Каска и кепка приблизились ко мне. Я разглядел грязные лица, похожие одно на другое. Поменяй они кепку на каску, я бы их все равно не отличил.
— Гони по-быстрому гроши! — сказала каска. — А то… — парень чиркнул ладонью по горлу. — Каюк.
— Разрежем пополам и волкам выбросим, — кровожадно подтвердила кепка. — У нас не заржавеет.
Они стояли спиной к паровозу и не видели, что делается впереди. А я видел. Впереди смутно вырисовывался железнодорожный мост. Искры из паровозной трубы озаряли его железные фермы. Парни все еще стояли и не подозревали, что за их спинами — смерть. Мгновенная. Мост все ближе. Еще секунда и…
— Ложись! — гаркнул я.
Парни плашмя упали на крышу, а над нами уже грохотало, шумело, стонало. Грохот оборвался, а они все еще лежали. Я понимал, это запоздалый страх. Можно было брать их за шиворот, как котят, и сбрасывать с крыши. Они бы не пикнули. Когда они зашевелились, я сказал:
— Эй, вы, уматывайте на свой вагон.
— А гроши? — спросила каска.
— Гроши гони, — просипела и кепка.
Мне эти парии начинали нравиться.
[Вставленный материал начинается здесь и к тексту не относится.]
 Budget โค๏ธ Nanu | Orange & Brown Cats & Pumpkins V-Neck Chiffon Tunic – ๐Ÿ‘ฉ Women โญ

Лишившись голов, они и то бы, пожалуй, потребовали «гроши».
— Деньги — зло, — сказал я. — Проваливайте отсюда.
Каска достала откуда-то из недр своей одежды финку и показала мне:
— Перо!
Мне надоело валять дурака. Я нехотя достал из кармана парабеллум и помахал перед их грязными носами. Кепка уважительно посмотрела на пистолет и сказала:
— Это вещь!
— Пардон, — сказала каска, — наши не пляшут.
— Проваливайте, — сказал я, пряча парабеллум.
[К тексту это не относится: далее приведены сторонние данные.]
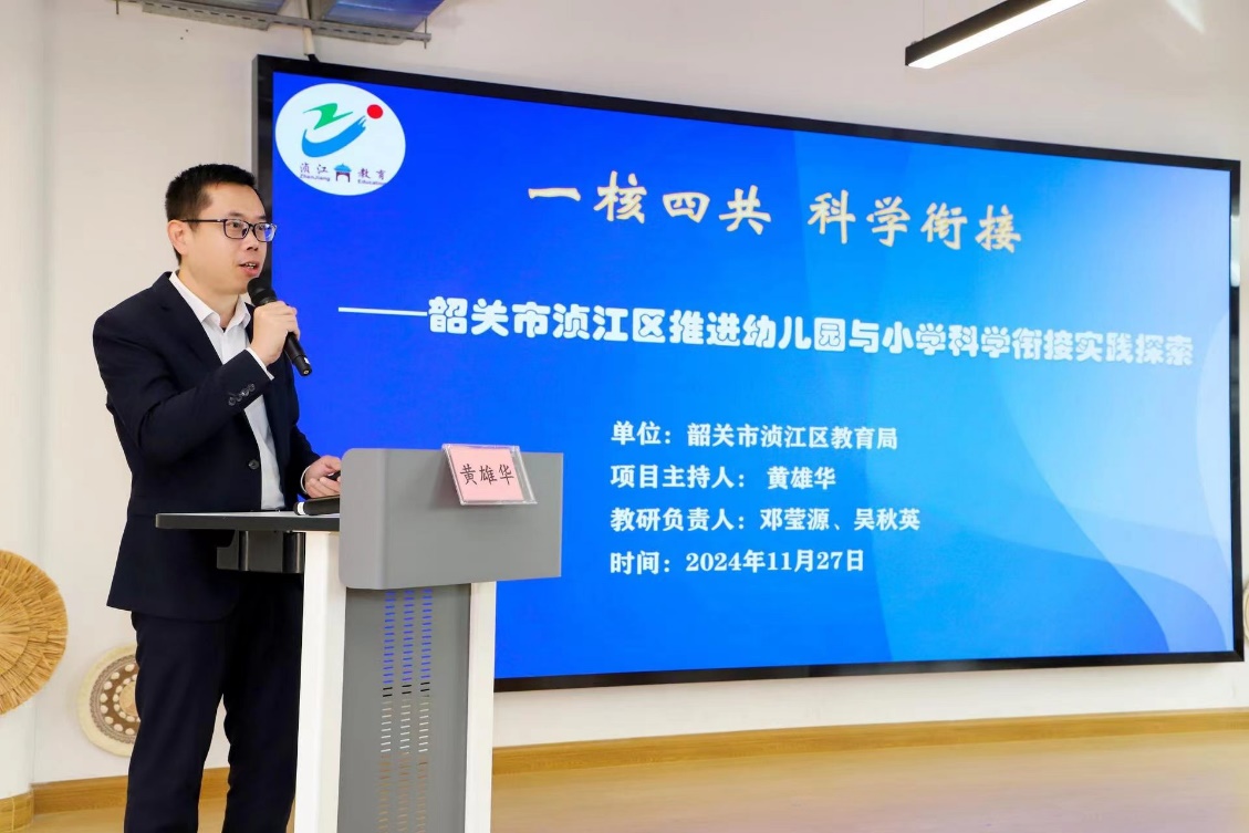 韶关市浈江区教育局党组成员、浈江区教师发展中心主任黄雄华表示,衷心感谢东职院三年来对韶关市浈江区学前教育的大力帮扶,期望借助东职院优质的高校资源和院园合作平台,持续提升韶关市浈江区幼儿教师的知识深度、技能高度和成长效度。随后,他就韶关市浈江区省级幼小科学衔接项目作经验分享。

Они разом повернулись и, грохая бутсами по железной крыше, пошли к своему вагону. Тут мне в голову пришла блестящая мысль.
— Эй ты, Каска! — крикнул я. — Выброси этот дурацкий котел!
Парень покорно развязал ремешок на подбородке и швырнул каску под откос. Она черной вороной мелькнула над кустами и пропала.
Больше я этих черномазых разбойников не видел. Они, наверное, закопались на тендере в уголь. С темного неба стало капать, и я спустился в тамбур. Там на двух пухлых мешках сидела тетка. У двери, спиной к ней, стоял военный и курил. Я приоткрыл дверь, проскользнул в вагон. Меня обдало духотой и тысячью разных запахов. Вагон был набит битком. Лежали и сидели на полках, чемоданах, мешках и прямо на грязном полу. Какой-то здоровенный парень пристроился на верхнюю багажную полку. Полка была узкая, и полпарня висело в воздухе. Он спал. Одна нога в кирзовом сапоге свесилась. К сапогу была привязана тощая котомка. Вагон пошатывало на разболтанных рельсах, и котомка качалась, как маятник.
Мое «плацкартное» место было не занято. Я отодвинул чьи-то ноги в зеленых обмотках и нырнул под скамью. Время было такое, что никто не решался расставаться со своими вещами даже во сне, — под скамьей было пусто и прохладно. Припахивало карболкой. Я скомкал свою кепку, подложил под голову. Ноги вытянул. Теперь можно спать до утра.
Мне показалось, что сразу усну, но не уснул. Желтое пятно света лежало на полу. Солдатский ботинок придавил его стоптанным каблуком. Над головой сонно жужжал чей-то голос. Я прислушался.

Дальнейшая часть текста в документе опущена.